Apache Spark转换:groupByKey,reduceByKey,aggregateByKey [英] Apache Spark Transformations: groupByKey vs reduceByKey vs aggregateByKey
本文介绍了Apache Spark转换:groupByKey,reduceByKey,aggregateByKey的处理方法,对大家解决问题具有一定的参考价值,需要的朋友们下面随着小编来一起学习吧!
问题描述
这三个Apache Spark转换很少让人感到困惑.我有什么方法可以确定何时使用哪个,何时避免使用?
These three Apache Spark Transformations are little confusing.
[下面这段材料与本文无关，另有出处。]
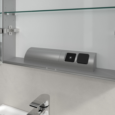 - Prise de courant intégrée dans l’armoire, idéale pour recharger les brosses à dents, les rasoirs ou brancher un sèche-cheveux
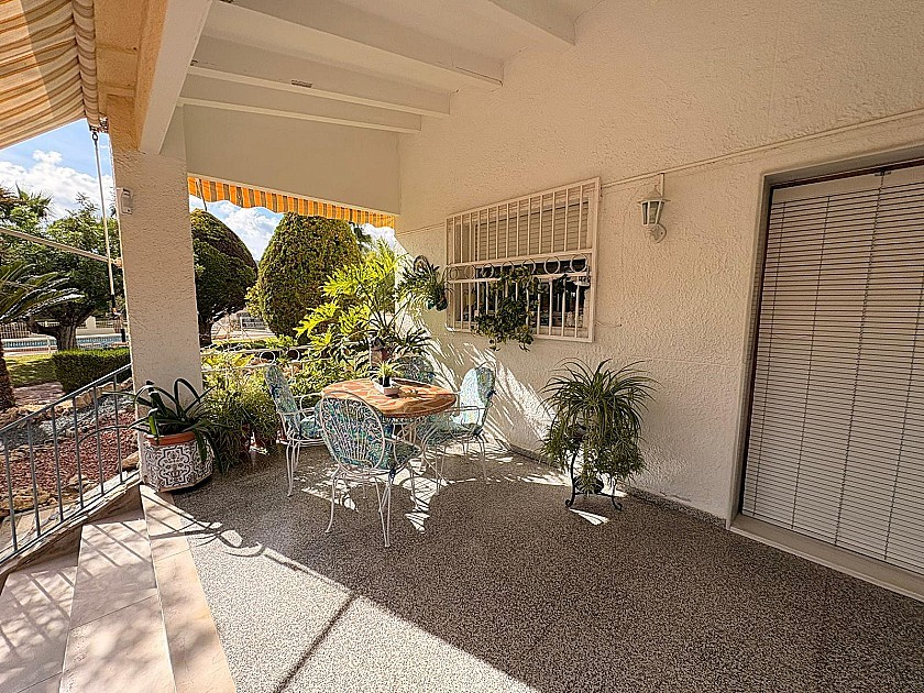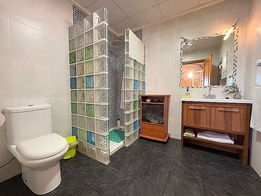 De hoofdwoning beschikt over 4 ruime slaapkamers en 2 moderne badkamers. De lichte woonkamer komt uit op een groot terras met uitzicht op het 8x4 meter zwembad, omringd door zonneterrassen en mediterrane beplanting.

Is there any way I can determine when to use which one and when to avoid one?
推荐答案
I think official guide explains it well enough.
我将突出显示差异(您的RDD类型为(K, V)
):
I will highlight differences (you have RDD of type (K, V)
):
- 如果您需要保留值,请使用
groupByKey
- 如果您不需要保留值,但是需要获取有关每个组的一些汇总信息(原始RDD的项,具有相同的
K
),则有两种选择:reduceByKey
或aggregateByKey
(reduceByKey
是一种特殊的aggregateByKey
)- 2.1,如果您可以提供提供
(V, V)
作为输入并返回V
的操作,则该组的所有值都可以减少为相同类型,然后使用reduceByKey
.结果,您将具有相同(K, V)
类型的RDD. - 2.2如果您不能提供此聚合操作,请使用
aggregateByKey
.当您将值减小为另一种类型时,就会发生这种情况.因此,您将得到(K, V2)
.
- 2.1,如果您可以提供提供
- if you need to keep the values, then use
groupByKey
- if you no need to keep the values, but you need to get some aggregated info about each group (items of the original RDD, which have the same
K
), you have two choices:reduceByKey
oraggregateByKey
(reduceByKey
is kind of particularaggregateByKey
)- 2.1 if you can provide an operation which take as an input
(V, V)
and returnsV
, so that all the values of the group can be reduced to the one single value of the same type, then usereduceByKey
. As a result you will have RDD of the same(K, V)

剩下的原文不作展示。